WHAT THE TASK ASKS: Restate all of the entries exactly, dropping any pictures they hold.

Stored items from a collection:
####
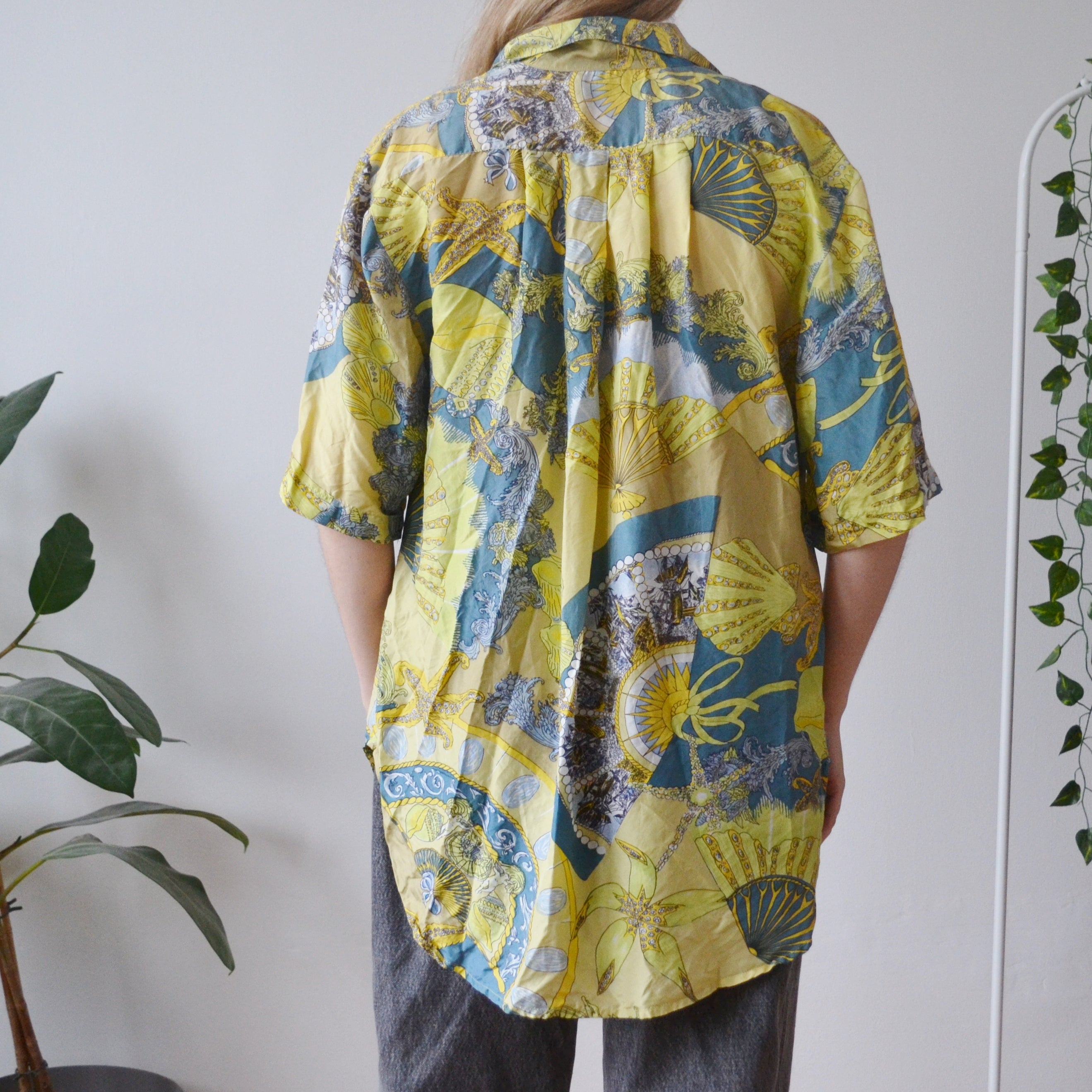 Vintage nautical print button up 90s shirt
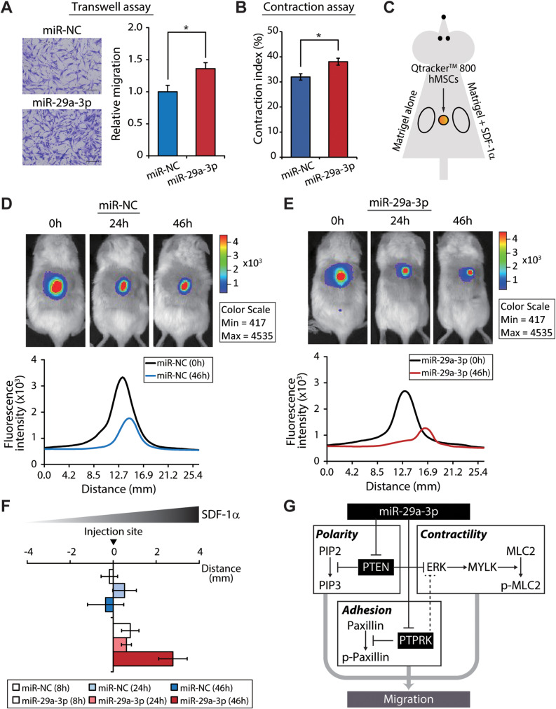 Conclusions: Our findings identify miR-29a-3p as a key upstream regulator that governs hMSC migration. Specifically, it was found to modulate principal signaling pathways, including polarization, actin cytoskeleton, contractility, and adhesion, both in vitro and in vivo, thereby reinforcing migration regulatory circuits.
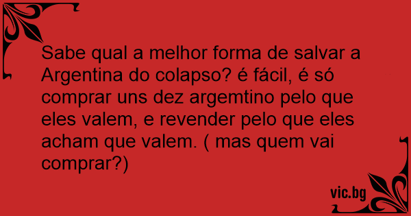 Sabe qual a melhor forma de salvar a Argentina do colapso? é fácil, é só comprar uns dez argemtino pelo que eles valem, e revender pelo que eles acham que valem. ( mas quem vai comprar?)
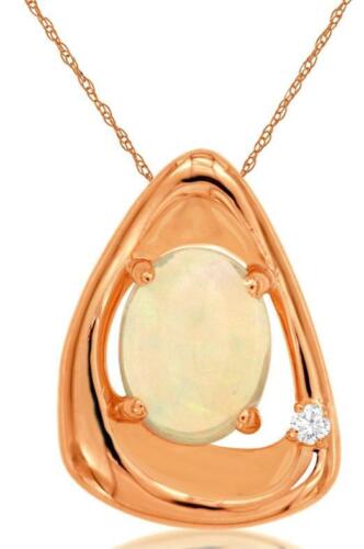 14KT ROSE GOLD FUN FLOATING PENDANT. 3D CLASSIC TRIANGULAR DESIGN. ROUND DIAMONDS ARE F/G COLOR, VSSI CLARITY .02 CARATS. AAA OVAL OPAL IS 1.10 CARATS. COMES ON A 14KT GOLD DIAMOND CUT 16" INCH CHAIN. WRITTEN APPRAISAL AVAILABLE. COMES IN A PRESENTABLE GIFT BOX.
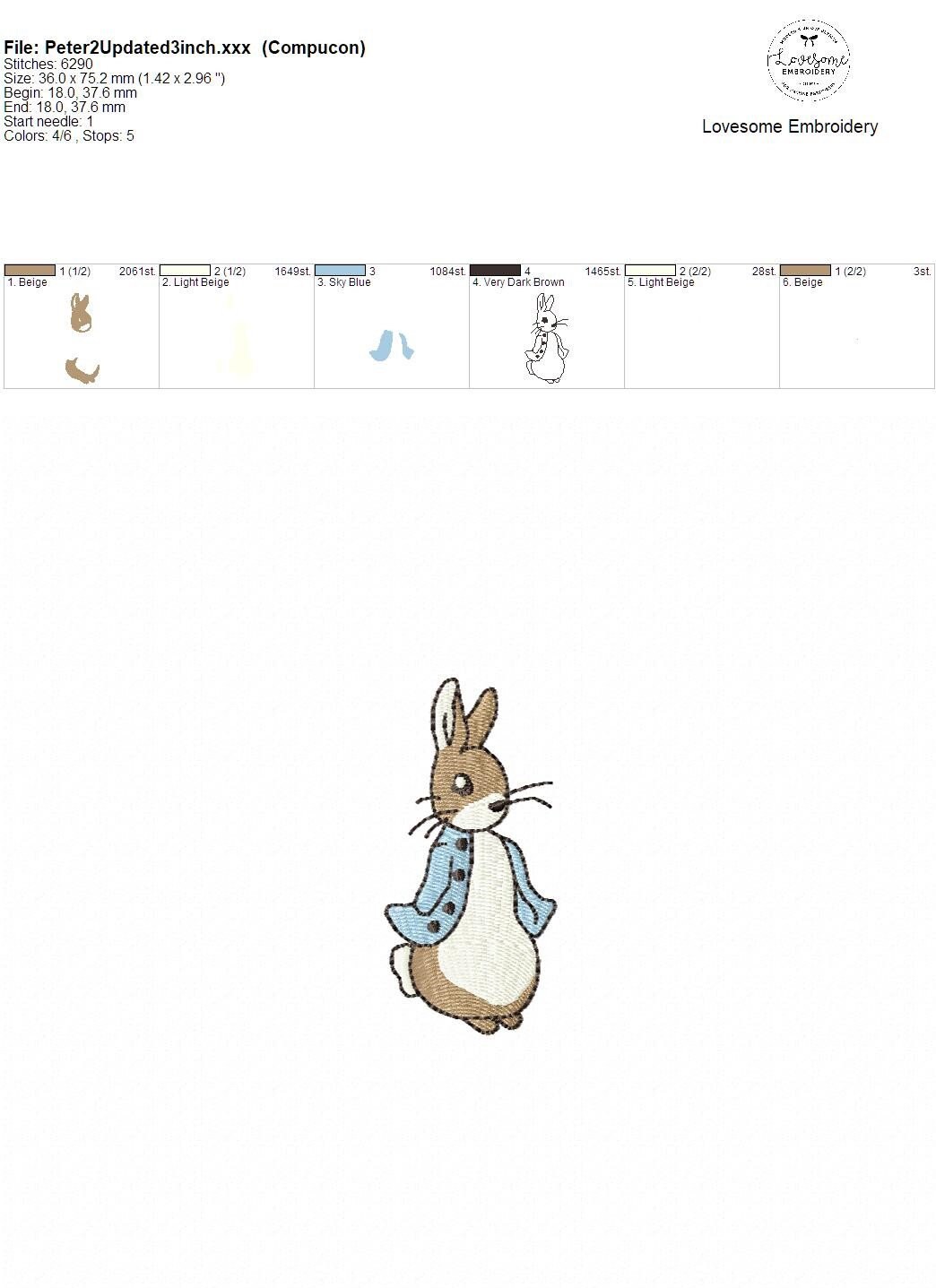 This listing features a machine embroidery file of Peter Rabbit design in 3 inch size.
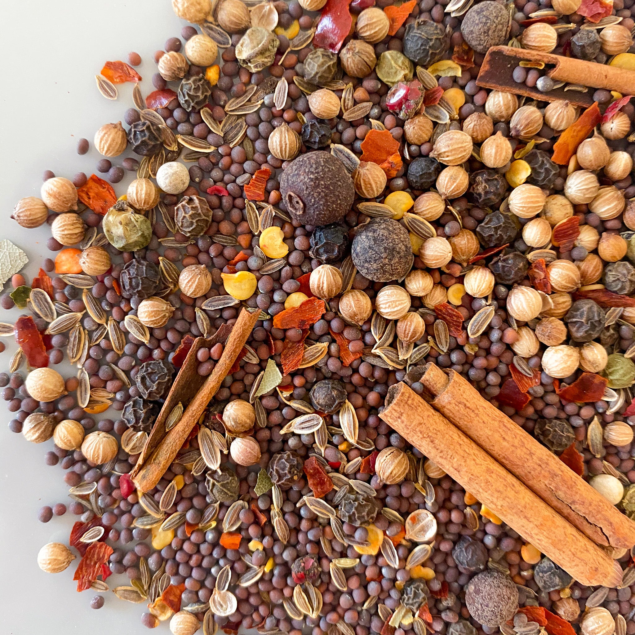 Ingredients: Brown Mustard Seeds, Coriander, Mixed Peppercorns, Dill Seed, Allspice, Cinnamon, Red Pepper Flakes, Cloves, Bay Leaves
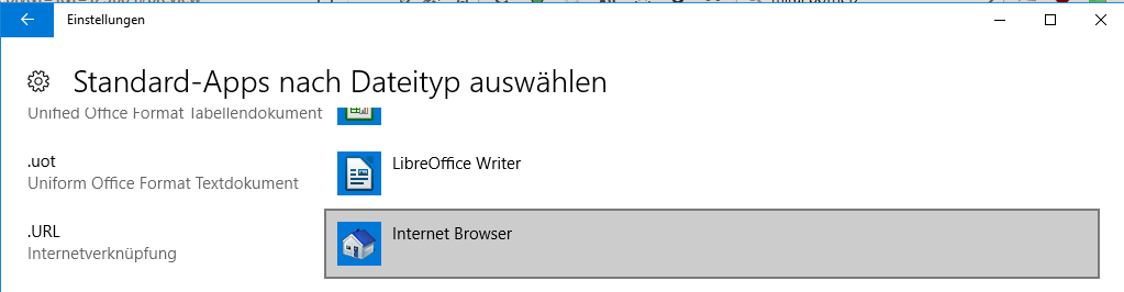 ... AngelOfDarkness, fast richtig, die Deskopverknüpfungen für Programme /Ordner sind so, wie ich diese gemacht hatte, alle INTERNETVerknüpfungen haben jetzt die Endung .url und das Firefoxsysmbol auf dem Deskop. Wirklich weiter bin ich auch noch nicht ... Zitronella, bei den "Standard-Apps nach Dateityp auswählen" war bei .url Firefox hinterlegt, habe dies geändert auf "Internet Browser" und habe dadurch wieder die von mir hinterlegten Bilder wieder. Erst mal super. Aber die Endung .url ist noch angehängt ... Und diebekommen wir doch auch noch weg, oder?
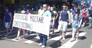 “Intervenção militar constitucional”, dizia o cartaz de um manifestante.
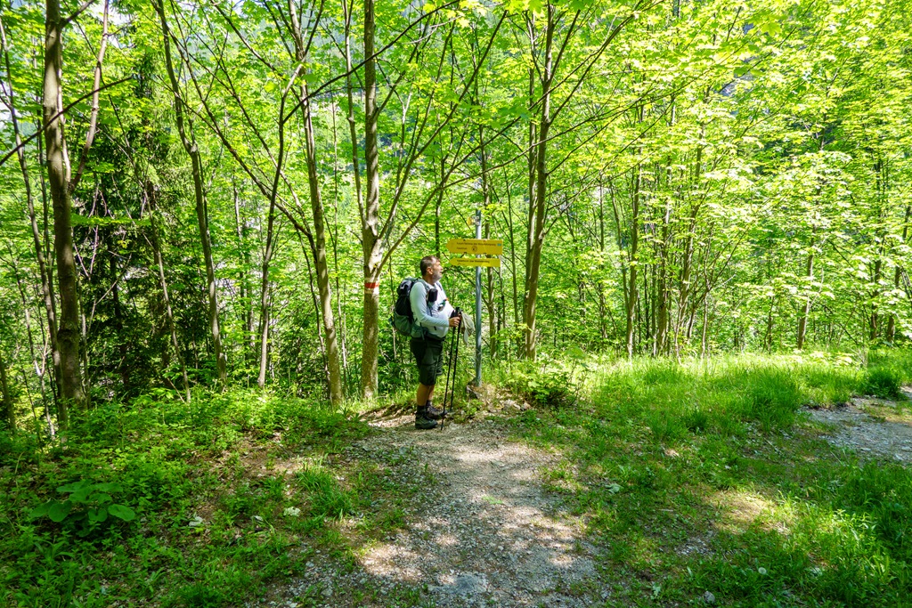 Elharangozhatták már a 10 órás misét a Kaiserbrunnban, amikor nekiveselkedünk. A Knofelebenig árnyékos erdők alján haladhatunk (fenti képek), ami nagy előny ezen a 16 órás napsütéssel megáldott nyári pénteken. Az út afféle tipikus harántoló fajta, mert jobbról a hegyoldal meredezik felettünk, balkéz felől meg a Knofelebengraben (árok) mélységei köszöntenek.
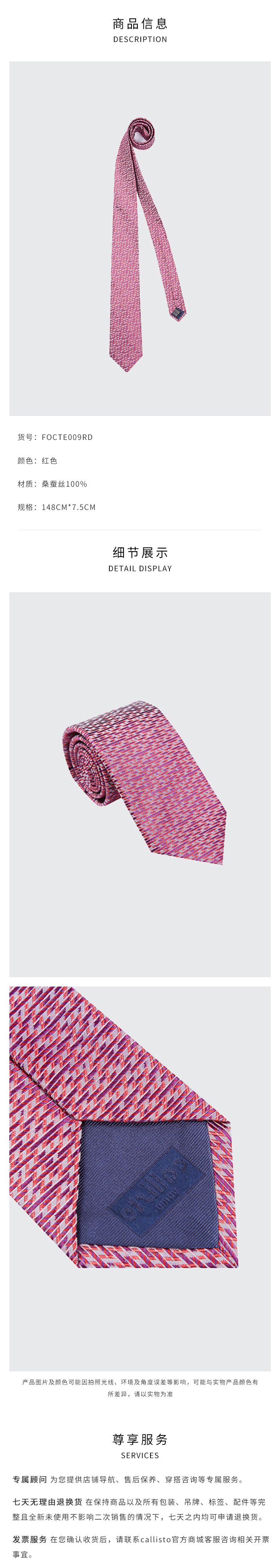 callisto红色全桑蚕丝领带 FOCTE009RD
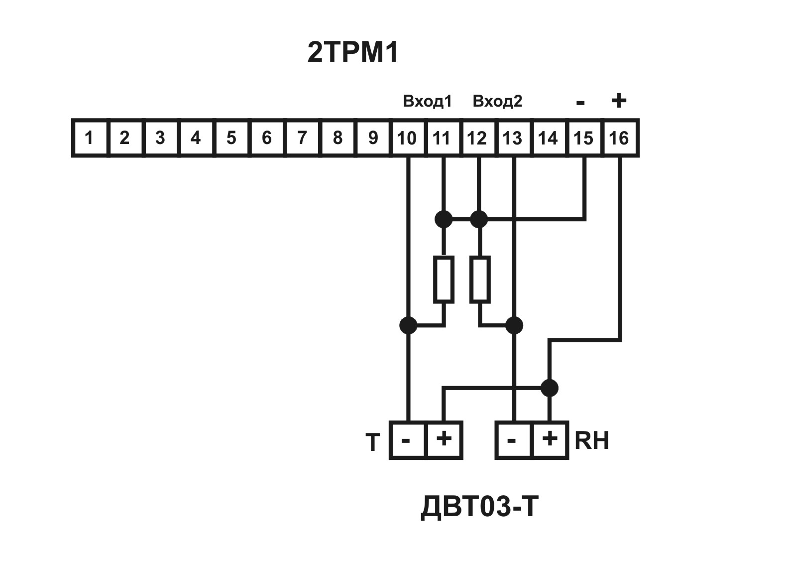 Пример подключения датчика влажности к измерителю ОВЕН 2ТРМ1
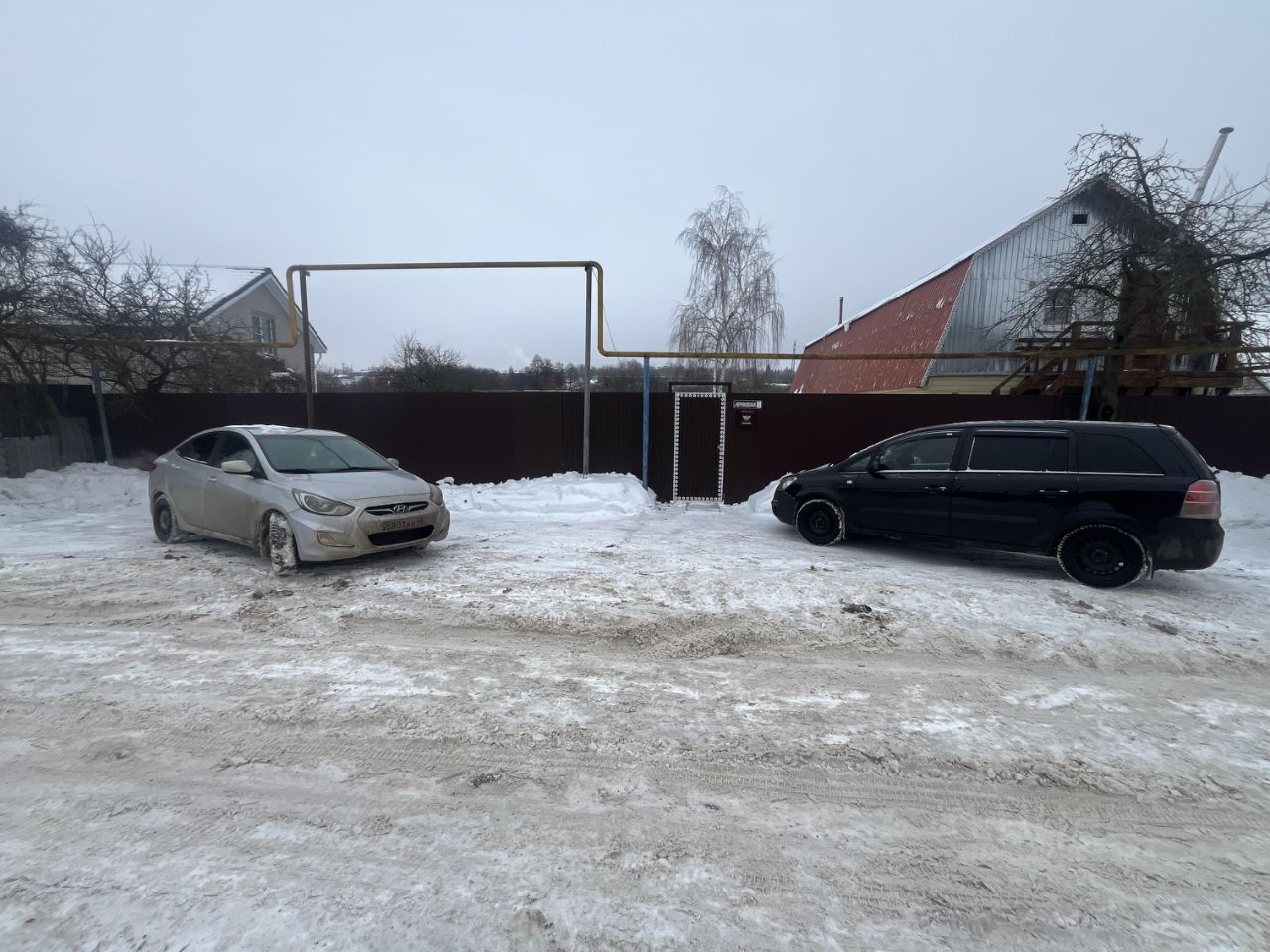 Над металическими воротами во двор газовая труба поднята прямоугольным способом для проезда объемной техники (это оформлено официально).
####
THE ANSWER:
 Vintage nautical print button up 90s shirt
 Conclusions: Our findings identify miR-29a-3p as a key upstream regulator that governs hMSC migration. Specifically, it was found to modulate principal signaling pathways, including polarization, actin cytoskeleton, contractility, and adhesion, both in vitro and in vivo, thereby reinforcing migration regulatory circuits.
 Sabe qual a melhor forma de salvar a Argentina do colapso? é fácil, é só comprar uns dez argemtino pelo que eles valem, e revender pelo que eles acham que valem. ( mas quem vai comprar?)
 14KT ROSE GOLD FUN FLOATING PENDANT. 3D CLASSIC TRIANGULAR DESIGN. ROUND DIAMONDS ARE F/G COLOR, VSSI CLARITY .02 CARATS. AAA OVAL OPAL IS 1.10 CARATS. COMES ON A 14KT GOLD DIAMOND CUT 16" INCH CHAIN. WRITTEN APPRAISAL AVAILABLE. COMES IN A PRESENTABLE GIFT BOX.
 This listing features a machine embroidery file of Peter Rabbit design in 3 inch size.
 Ingredients: Brown Mustard Seeds, Coriander, Mixed Peppercorns, Dill Seed, Allspice, Cinnamon, Red Pepper Flakes, Cloves, Bay Leaves
 ... AngelOfDarkness, fast richtig, die Deskopverknüpfungen für Programme /Ordner sind so, wie ich diese gemacht hatte, alle INTERNETVerknüpfungen haben jetzt die Endung .url und das Firefoxsysmbol auf dem Deskop. Wirklich weiter bin ich auch noch nicht ... Zitronella, bei den "Standard-Apps nach Dateityp auswählen" war bei .url Firefox hinterlegt, habe dies geändert auf "Internet Browser" und habe dadurch wieder die von mir hinterlegten Bilder wieder. Erst mal super. Aber die Endung .url ist noch angehängt ... Und diebekommen wir doch auch noch weg, oder?
 “Intervenção militar constitucional”, dizia o cartaz de um manifestante.
 Elharangozhatták már a 10 órás misét a Kaiserbrunnban, amikor nekiveselkedünk. A Knofelebenig árnyékos erdők alján haladhatunk (fenti képek), ami nagy előny ezen a 16 órás napsütéssel megáldott nyári pénteken. Az út afféle tipikus harántoló fajta, mert jobbról a hegyoldal meredezik felettünk, balkéz felől meg a Knofelebengraben (árok) mélységei köszöntenek.
 callisto红色全桑蚕丝领带 FOCTE009RD
 Пример подключения датчика влажности к измерителю ОВЕН 2ТРМ1
 Над металическими воротами во двор газовая труба поднята прямоугольным способом для проезда объемной техники (это оформлено официально).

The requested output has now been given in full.